By Victoria Saffa
The student population at Fourah Bay College (FBC) has increased from 500 to 6,000 even though the premier higher learning institution in the country still has the same facilities, according to Vice Chancellor and Principal of the University Of Sierra Leone (USL), Professor Ekundayo Thompson.
He was speaking last week during a one-day discussion forum themed “effective participation of students in managing change”. The forum was hosted at the Adjai Crowther Amphitheatre as part of interactive sessions between the administration and students to provide an opportunity for sharing information and exchange of ideas to transform the university.

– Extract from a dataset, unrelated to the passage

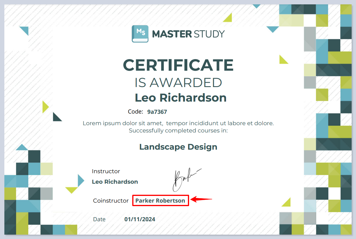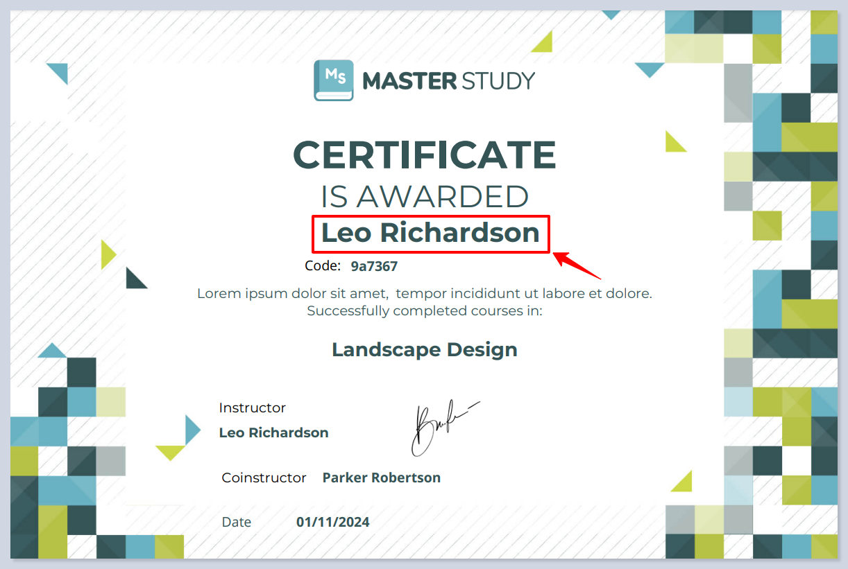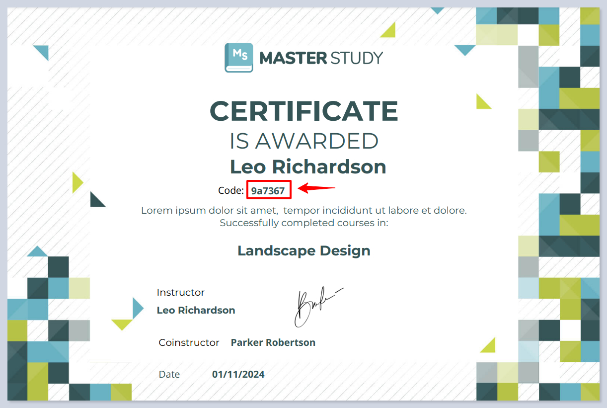 **The Certificate Code** element is used to display a unique, auto-generated code on each certificate. This code serves as an identifier for verification purposes and ensures that each certificate issued is distinguishable and trackable.

The forum was attended by the Vice Chancellor and Principal of USL, Deputy Vice Chancellor and Principal of FBC, Professor S.P.T. Gbamanja, members of the academic staff of the university and students.
In his statement, Professor Thompson called on students to pay their fees as the money would be used for infrastructure development of the university. He said the university needs funds because government has moved away from providing fees subsidy.
He added that students who fail to pay their tuition fees and register for the second semester will not be allowed to take their examination, adding that under his tenure the rule of law must prevail and everybody must comply with the laws of the university.
The Vice Chancellor and Principal also encouraged students to study very hard for excellence by scooping first class degrees, not third class degrees.
“My administration will not tolerate any act of fraudulent behaviour, no act of corruption and no examination malpractices. If we found out any students with false certificate to enter into the university, he will not have his degree,” he cautioned.
He maintained that Sierra Leonean students have excelled in a number of fields of study, adding that though there are challenges to development in the university, yet they are working assiduously to address those challenges through students’ participation as they are interested in the future of students.